Exercise directions:
Everything from the opening line of the listing below to the line that has "Description | Sterling", inclusive, should be returned exactly, except the pictures.

Given material:
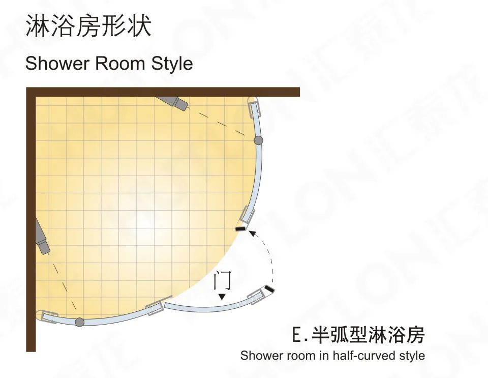 淋浴房主要有平面型、鉆石型、直角型和半弧型四種形式。
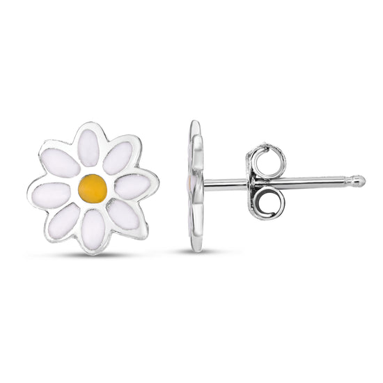 Description | Sterling Silver Polished Enamel Daisy Studs with Push Back Closure. |
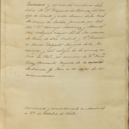 Inventario y aprecio del monetario del Excmo. Sr. Francisco de Bruna y Ahumada, hecho a su muerte en 1807 por D. Domingo Martínez y Alonso Pío, y D. Francisco Javier Delgado. Inventario y aprecio de las antigüedades y piedras labradas de D. Francisco de Bruna y Ahumada por D. Joaquín Cabral y Bejarano
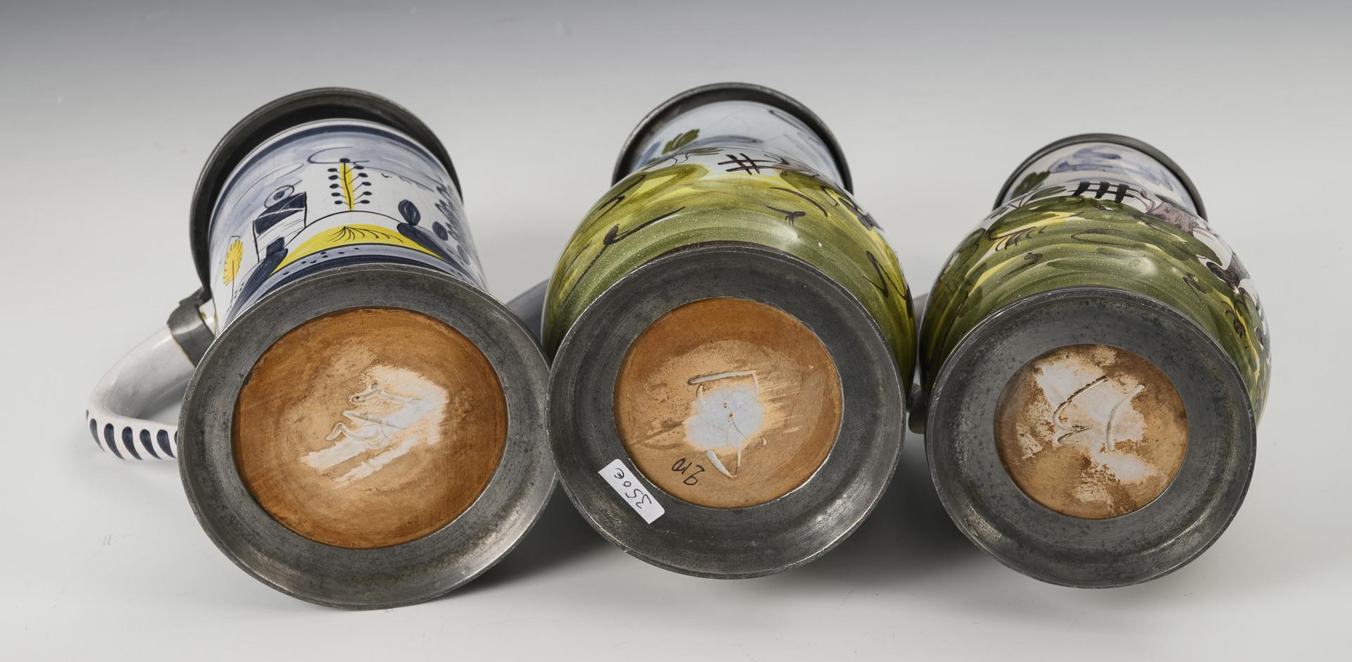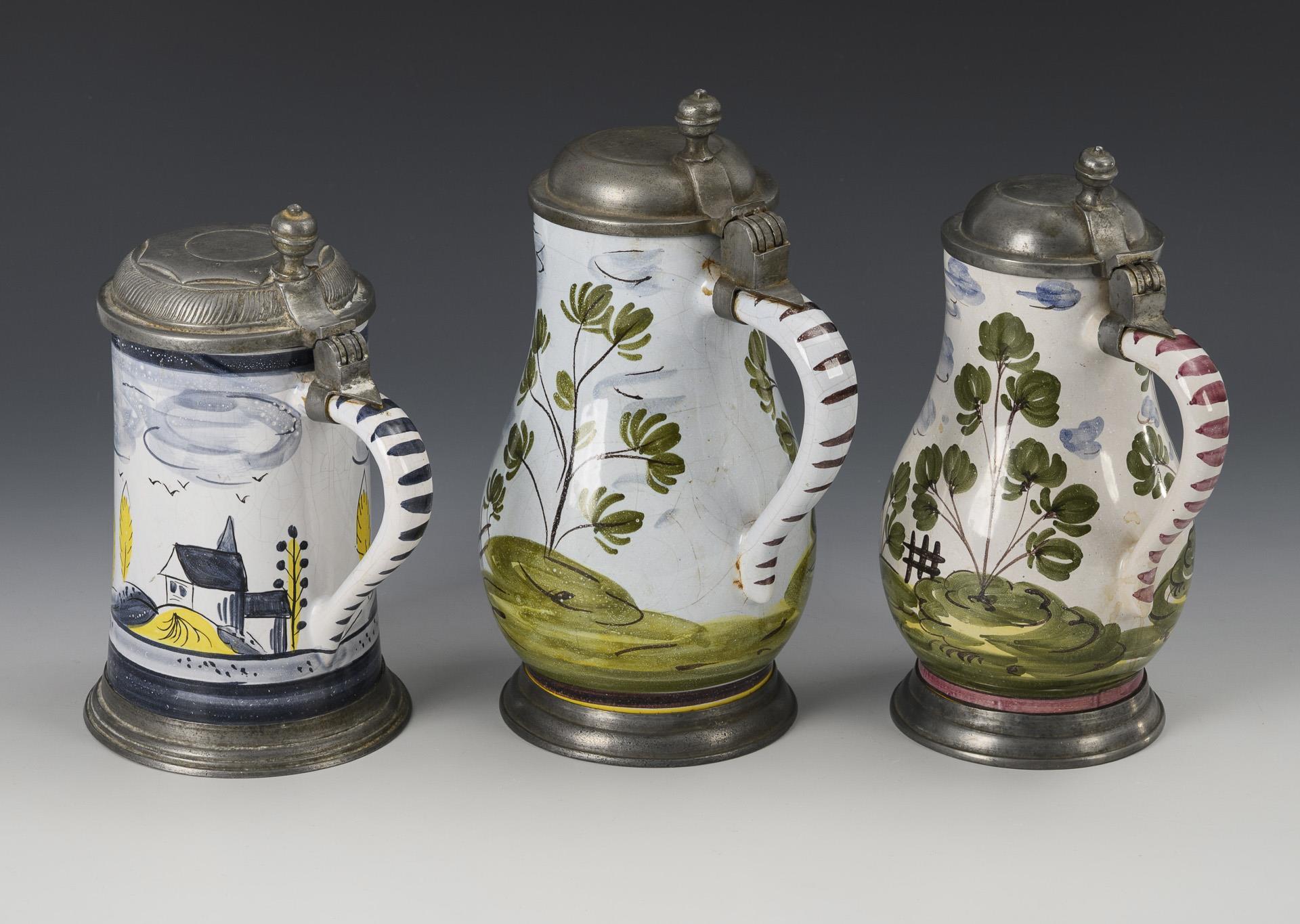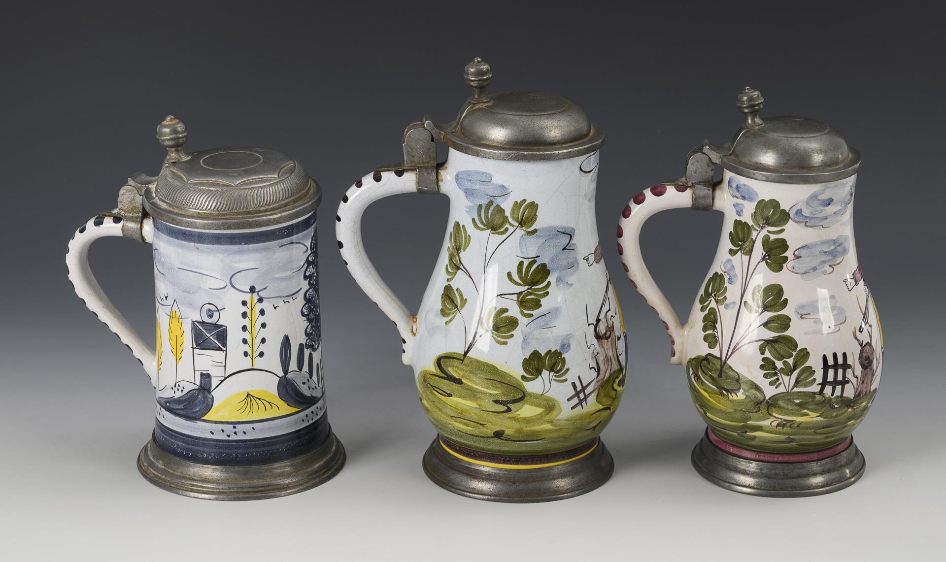 2 Birnkrüge mit Jägern in einer Landschaft, 1 Walzenkrug mit Landschaft und Architektur. Jeweils mit Zinndeckel und Kugeldrücker, 1x gepunzt, Zinnstandring. Leicht glasurrissig, 1 Deckel nicht passend.

Task output:
 淋浴房主要有平面型、鉆石型、直角型和半弧型四種形式。
 Description | Sterling Silver Polished Enamel Daisy Studs with Push Back Closure. |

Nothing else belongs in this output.